Pro Tip: Grease your Crock-Pot with nonstick spray to make cleanup a snap.
French. Frickin’. Toast.
Layer bread, cream cheese, potassium-rich bananas, brown sugar, and walnuts in your slow cooker.
Then, embrace the hard part: Waiting 4 hours for it to turn into a dreamy meal. Why not work up an appetite by getting into a home workout?
This is fall in a Crock-Pot, and it’s super easy.
Adding in walnuts and crystallized ginger makes this pumpkin loaf something you’d expect to see at a bakery — not coming out of the slow cooker. And it’s ready in 2 hours.
25. Cinnamon rolls
Forget refrigerated rolls. You can make homemade cinnamon rolls, complete with a sugary frosting.
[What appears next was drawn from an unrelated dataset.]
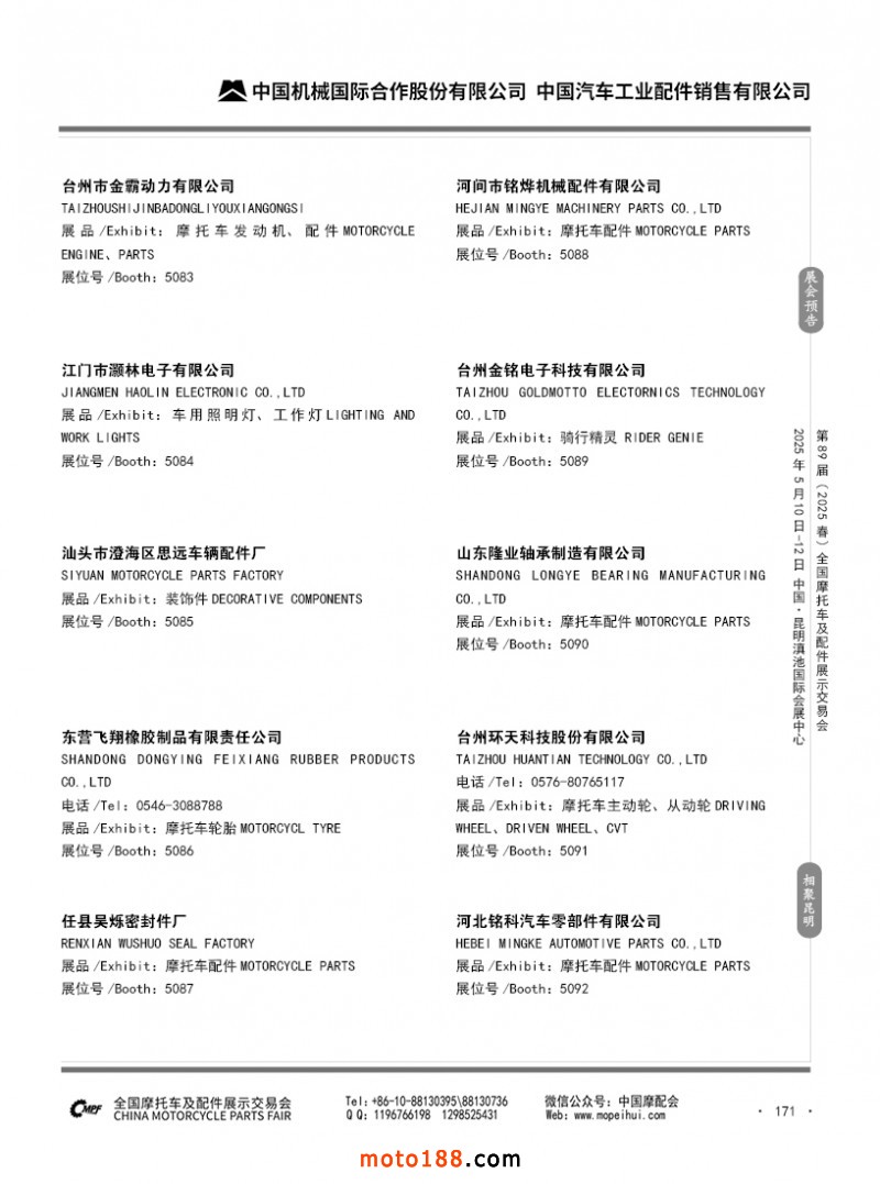 內(nèi)69-188 第88屆(2024秋)全國摩托車及配件展示交易會-廣州站參展企業(yè)信息
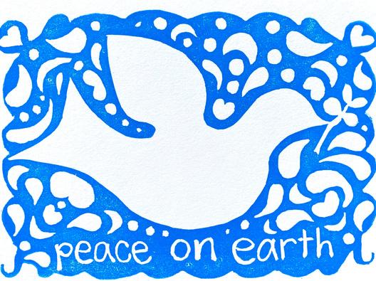 Hand Printed Block Printed cards are made with a handcarved linoluem block. The block is inked for each card and the ink is tranferred to the paper.

It’s slightly labor intensive — you need to roll out the dough and slice into rolls before popping them into your slow cooker. (And it takes 90 minutes to cook. Effort, we know.) But it’s so worth it.
Save this one for a special-occasion morning or even dessert! It’s a great stress reliever before hosting.
26. Banana bread
No more fussing with oven times or burning bread. This banana bread practically makes itself in the slow cooker in just 4 hours.
While it’s not an everyday breakfast choice — there’s a bit too much sugar in it to recommend as your daily bread — a loaf is great to have on hand for guests or a potluck brunch.
Made with a dough that doesn’t require rising, these sweet rolls are awesome for brunch (or dessert).
They’re healthier than store-bought versions thanks to whole-wheat flour and all-natural ingredients, but don’t get us wrong: They’re not health food. Not even close.
Still, the fresh caramel sauce is out of this world. Make a double batch because these will go quickly. And then, maybe, someone else will get to try one.
So, hit that snooze button, catch that extra 10 minutes of shut-eye, and rest easy with the fact that your super easy breakfast is cooking itself.
Not all of these recipes are an everyday kind of deal — some are pretty heavy on sugar. But hell, sometimes you need an indulgent breakfast.
But sometimes, you just want a sweet, sticky, cinnamony concoction. And that’s absolutely fine.